14 minute read
Allison Belan, Director for Strategic Innovation and Services, Duke University Press
By Tom Gilson (Associate Editor, Against the Grain) <gilsont@cofc.edu> and Katina Strauch (Editor, Against the Grain) <kstrauch@comcast.net>
ATG: Allison, you have been involved with digital strategies at Duke University Press since 2011. During that time, you have seen a lot of changes. Which would you say have been the most impactful?
AB: I have been doing this long enough that I could legitimately say “eBooks!” but that topic has been pretty well covered.
I’m really excited by the rise of project and product management as a discipline within publishing operations. It was a real accelerator at the press when we were able to put skilled project managers and product owners in a position to accomplish big changes and initiatives, rather than asking the marketer or managing editor or accountant with the most interest to take on such efforts in addition to their actual full-time jobs. This is one of those developments where the impact may be more visible over time.

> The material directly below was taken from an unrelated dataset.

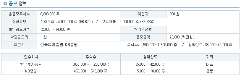 • 총 공모주식수 : 6,000,000주 (액면가 500원)

One huge impact in the last few years has been consolidation. Significant portions of the technologies and the vendor networks that we rely on to create and disseminate scholarly books and journals have been bought by large commercial entities, some of whom are competitors who are not aligned with the mission-driven community’s values. A significant amount of work and head space now goes into figuring out which set of partners, tools, and platforms stand the best chance over time of remaining available, remaining affordable, and protecting the data and interests of authors, editors, customers, and users.
ATG: How many current staff members does Duke University Press have? Do they come from diverse academic backgrounds outside of Duke University?
AB: We have about 110 permanent staff and about a fifteen paid student interns at any given time. A significant majority of us come from public education backgrounds. Because we are located in the Research Triangle area of North Carolina, we are fortunate to draw from stellar public institutions like NC State University, NC Central University, and UNC Chapel Hill, as well as private and public institutions further afield. We do have a contingent of Duke graduates. Durham is a wonderful place to live and quite a few Duke graduates would like to remain in the area and remain involved in academia. In the last several years, when recruiting for student interns, we’ve put a lot of effort into outreach to the many great HBCUs in the area. As is common with scholarly book publishers, positions in our book acquisition department attract people from across the country who want to build a career as an editor.
ATG: We understand that as the current Director for Strategic Innovation and Services, you work to align all aspects of the Press’s publishing operations to build a digital presence for Duke University Press’s scholarship. What does a digital presence for Duke University Press entail? Does print still play a part in the Press’s publishing strategy?
AB: I think of digital presence in broad and inclusive terms. It comprises the elements you’d expect — an ecommerce and marketing web site, scholarly content platform, social media presence, eBooks of various formats and at various points of sale — but it also includes the invisible stuff that makes our publications successful in those environments: metadata, standards, analytics, data security, accessibility practices. Finally, our digital presence relies on smooth integrations with our back-office systems and operations, such as ordering, fulfillment, and accounting. From the time I stepped into a presswide digital strategy role in 2011 through today, I’ve worked from one foundational philosophy: there is no separation between publishing and technology. There is no difference between “publishing” and “digital publishing.” To publish is to be deeply engaged with technology. Until the late 20th century, those were manufacturing technologies. Now they are digital technologies and they are present at every stage of the publication lifecycle: word processing software, PDFs, digital pre-press, metadata standards for discovery and for the marketplace, digital formats for devices and online.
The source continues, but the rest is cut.